The utility model provides a cooling device and a molecular distiller, which comprises a semiconductor refrigerator; the cooler is connected with the hot surface of the semiconductor refrigerator; and the condensation end of the heat pipe is connected with the cold surface of the semiconductor refrigerator through the heat conduction block, and the evaporation end of the heat pipe exchanges heat with the cold surface of the application equipment through the heat conduction fin. Compared with the prior art, the utility model adopts the semiconductor refrigeration technology, has excellent temperature regulation, very rapid and accurate heating and cooling, compact volume and simple disassembly and assembly; the utility model discloses can really realize not adding any coolant liquid when using, avoid the weeping from the principle, improve the ease for use, reduce the use complexity of molecular distillation ware.

Description

Cooling device and molecular distiller
Technical Field
The utility model relates to a medicine biochemical industry technical equipment and energy technical field are a cooling device and molecular still particularly.
Background
Molecular distillation is a method for separating materials under high vacuum conditions, and the principle is to separate different molecules in the materials by using the difference of the mean free path of the molecules of the materials under the high vacuum. The method has great advantages for separating high-viscosity and heat-sensitive materials, and has wide application in the industries of food, medicine, fine chemical engineering and the like.
At present, heating and condensation of molecular distillation are carried out in a heat exchange mode, for example, heat conducting oil is introduced to the outside of a hot surface for heating, and cooling liquid is introduced to a cold surface. However, these auxiliary devices for heating and cooling result in an excessive footprint of the molecular distillation plant and the large specific heat capacity of the thermal oil and the cooling liquid itself also do not facilitate rapid temperature regulation. In addition, the oil liquid and the cooling liquid have leakage hidden troubles, and need to be replaced periodically after being used for a period of time, so that the operation is complicated, and the use is not facilitated.
For example, publication No.
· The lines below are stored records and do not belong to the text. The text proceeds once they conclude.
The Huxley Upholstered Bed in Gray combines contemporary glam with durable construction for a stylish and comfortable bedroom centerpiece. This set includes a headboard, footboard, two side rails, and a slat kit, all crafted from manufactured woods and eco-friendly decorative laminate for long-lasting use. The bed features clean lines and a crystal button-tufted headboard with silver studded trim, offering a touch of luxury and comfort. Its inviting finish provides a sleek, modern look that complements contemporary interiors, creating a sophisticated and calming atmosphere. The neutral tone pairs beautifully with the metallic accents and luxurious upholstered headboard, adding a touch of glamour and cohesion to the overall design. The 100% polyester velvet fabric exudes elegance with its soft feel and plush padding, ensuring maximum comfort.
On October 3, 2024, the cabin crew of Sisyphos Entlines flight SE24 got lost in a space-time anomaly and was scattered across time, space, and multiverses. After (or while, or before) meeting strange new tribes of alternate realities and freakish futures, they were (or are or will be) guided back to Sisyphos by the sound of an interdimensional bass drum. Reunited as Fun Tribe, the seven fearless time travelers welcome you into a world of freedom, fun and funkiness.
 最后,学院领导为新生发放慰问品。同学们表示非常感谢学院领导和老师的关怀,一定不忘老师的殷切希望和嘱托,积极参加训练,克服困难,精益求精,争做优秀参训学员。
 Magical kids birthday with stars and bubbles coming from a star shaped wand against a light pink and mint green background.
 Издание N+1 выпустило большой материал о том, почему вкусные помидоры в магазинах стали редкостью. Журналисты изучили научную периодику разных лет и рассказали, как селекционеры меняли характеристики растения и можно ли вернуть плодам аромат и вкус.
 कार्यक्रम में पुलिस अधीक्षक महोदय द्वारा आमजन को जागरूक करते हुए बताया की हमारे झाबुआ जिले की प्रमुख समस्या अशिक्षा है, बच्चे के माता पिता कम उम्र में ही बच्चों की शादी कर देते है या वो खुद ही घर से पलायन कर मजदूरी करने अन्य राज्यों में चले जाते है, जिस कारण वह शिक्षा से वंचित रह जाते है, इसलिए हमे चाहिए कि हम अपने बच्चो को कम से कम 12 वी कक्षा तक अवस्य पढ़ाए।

CN1051679 discloses a molecular distillation heater, which is not filled with metal heat-transfer fins and sleeves in a heating jacket, the heating jacket is connected with a hot oil diffuser, and the heating jacket is filled with heat-transfer oil, so that hot oil can circulate inside the heating jacket, but the heating jacket is still heat-exchange type, the hot oil inside the heating jacket has a leakage risk, and the hot oil has a large specific heat capacity, which is not favorable for rapid temperature adjustment.
Publication No. CN208097448U discloses a built-in double-pipe condenser, in which the condensing zone includes 7 condensing sleeves, and the proceeding and returning of the condensate can be completed independently in the same condensing sleeve, thus saving space. However, the cooling form still depends on cooling water for heat exchange, so that the risk of liquid leakage exists, and the quick temperature regulation performance is not good.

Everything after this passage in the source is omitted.